START Raw data

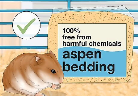 Replace their bedding. In order to retain the hamster's scent on the bedding, mix a small amount of unspoiled bedding with new bedding. Cheap bedding can be found at most grocery stores. Another good bedding is shredded tissue; you could also use shredded paper towel. Do not use newspapers, as the hamster will lick the ink off it and this will make it extremely ill. Never use pine or cedar wood shavings, as they are unhealthy for hamsters. Aspen is fine.
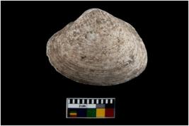 | Description / विवरण | Specimen of a large bivalve marine shell with ground edge. Probably used as spoon. |
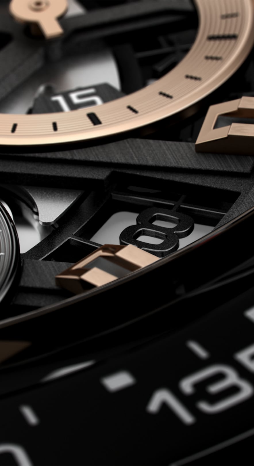 Automatic, 43 mm, Steel coated with PVD CBG2050.FC6426A stunning black steel and rose-gold 18K 5N TAG Heuer Carrera Heuer 02 with black alligator and rubber strap. This 43mm automatic chronograph has a movement with 80 hours power reserve, which is visible through the sapphire case back.
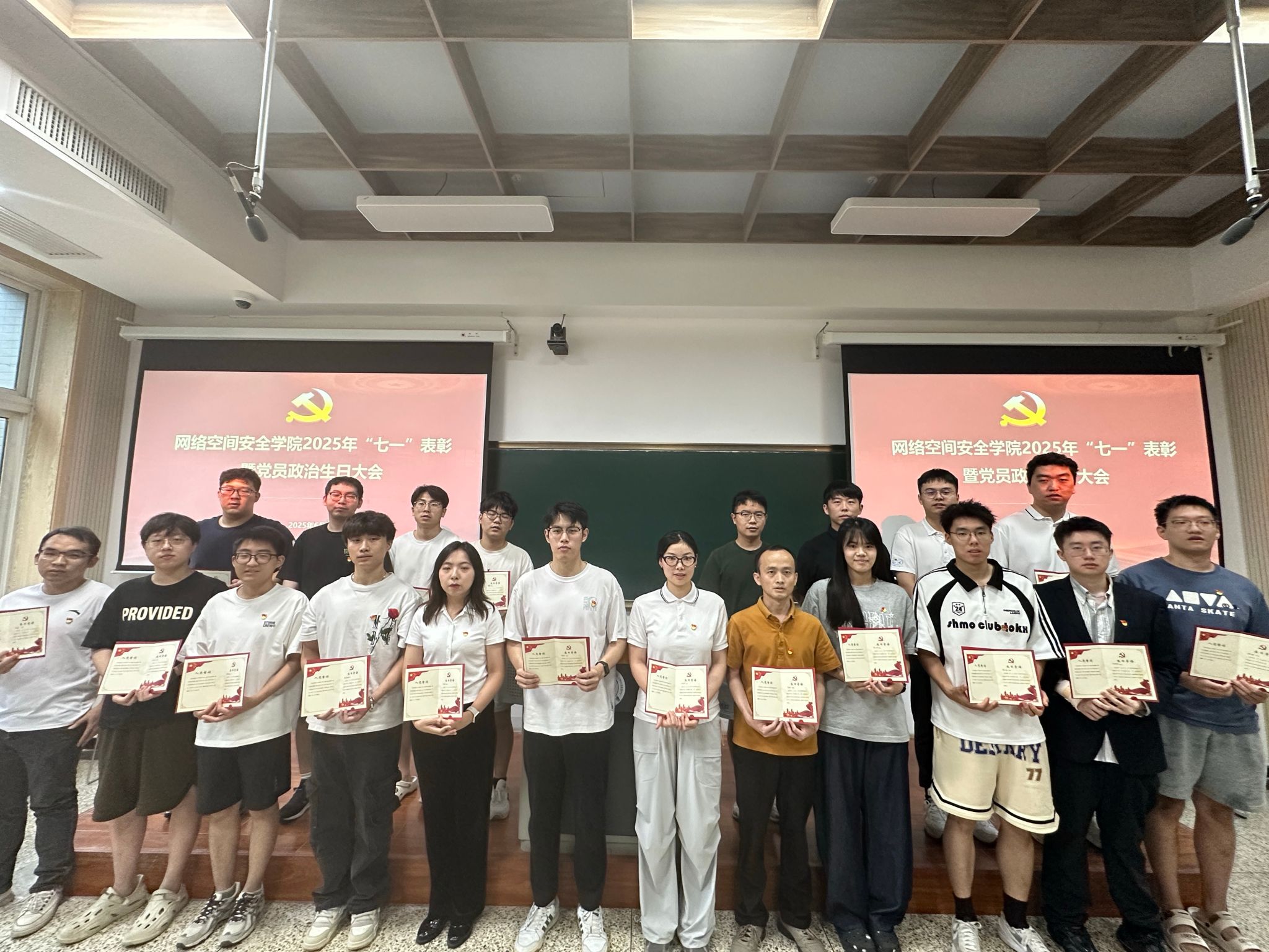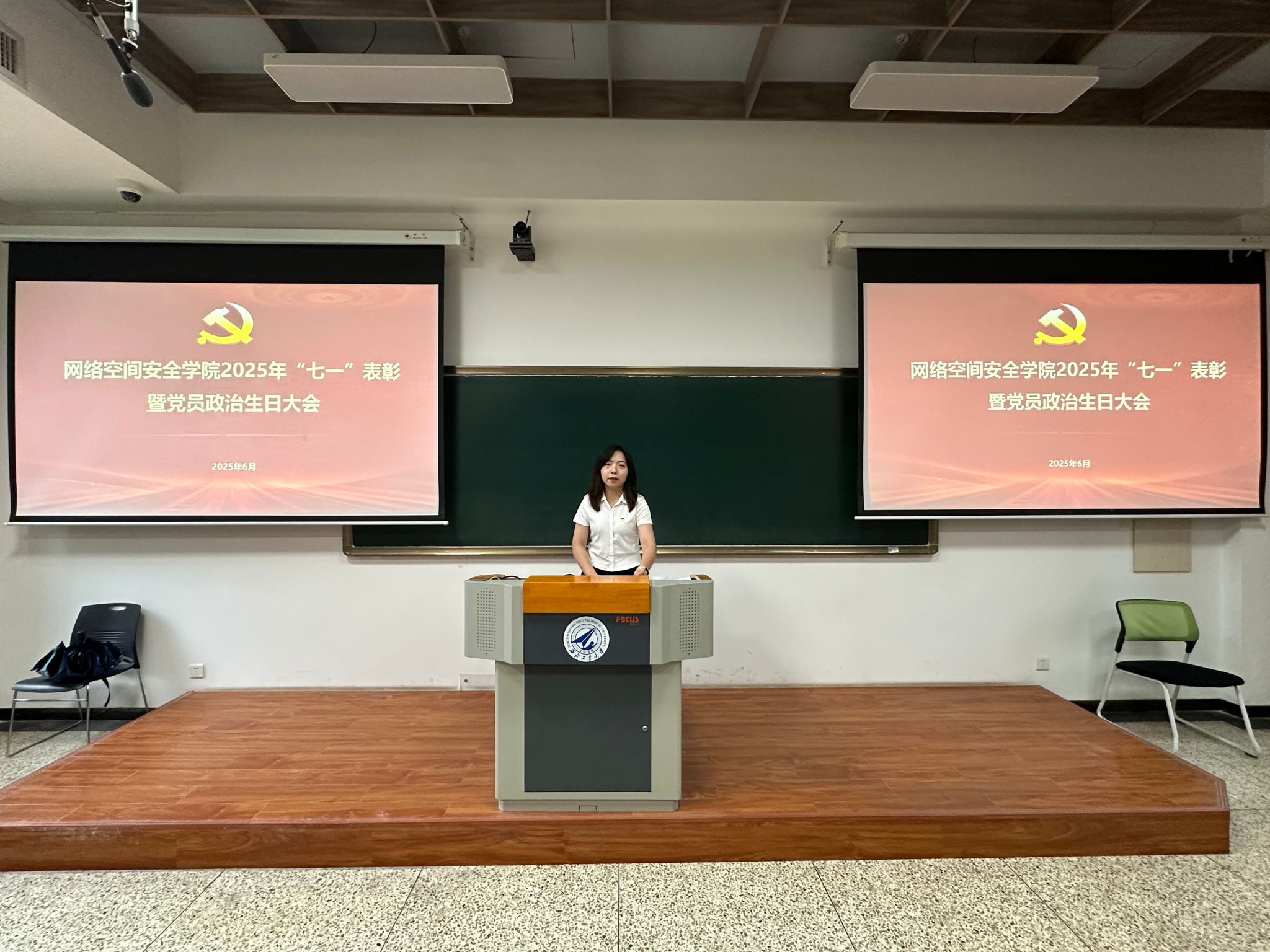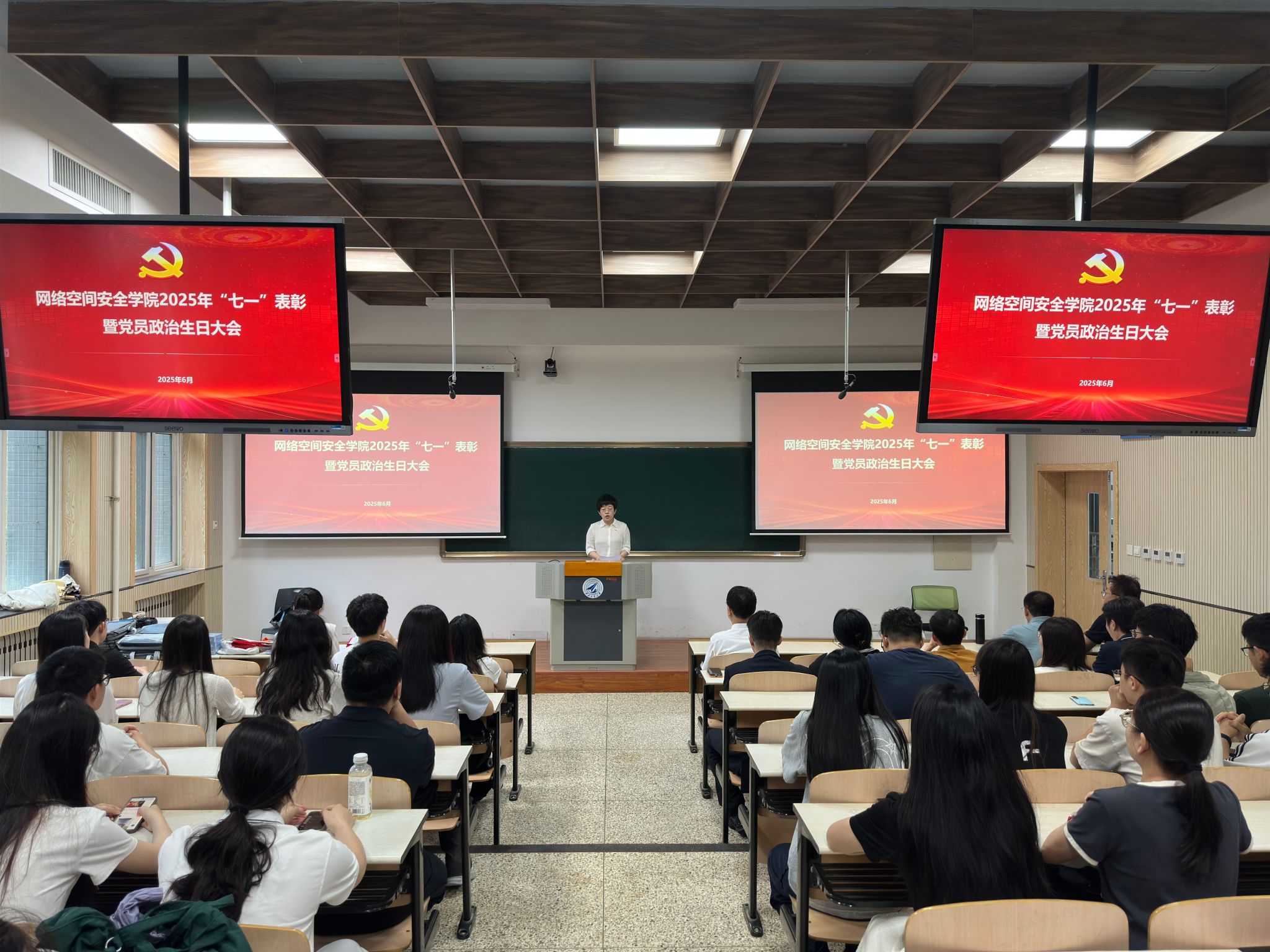 于2025年6月30日上午在长安校区隆重举行“七一”表彰暨党员政治生日大会。学院党委委员、受表彰个人和集体以及师生党员代表参加了此次大会,大会由学院党委副书记杜瑶主持。

END Raw data

### Exercise
Output the full material exactly as given, without its pictures.

### Answer section
 Replace their bedding. In order to retain the hamster's scent on the bedding, mix a small amount of unspoiled bedding with new bedding. Cheap bedding can be found at most grocery stores. Another good bedding is shredded tissue; you could also use shredded paper towel. Do not use newspapers, as the hamster will lick the ink off it and this will make it extremely ill. Never use pine or cedar wood shavings, as they are unhealthy for hamsters. Aspen is fine.
 | Description / विवरण | Specimen of a large bivalve marine shell with ground edge. Probably used as spoon. |
 Automatic, 43 mm, Steel coated with PVD CBG2050.FC6426A stunning black steel and rose-gold 18K 5N TAG Heuer Carrera Heuer 02 with black alligator and rubber strap. This 43mm automatic chronograph has a movement with 80 hours power reserve, which is visible through the sapphire case back.
 于2025年6月30日上午在长安校区隆重举行“七一”表彰暨党员政治生日大会。学院党委委员、受表彰个人和集体以及师生党员代表参加了此次大会,大会由学院党委副书记杜瑶主持。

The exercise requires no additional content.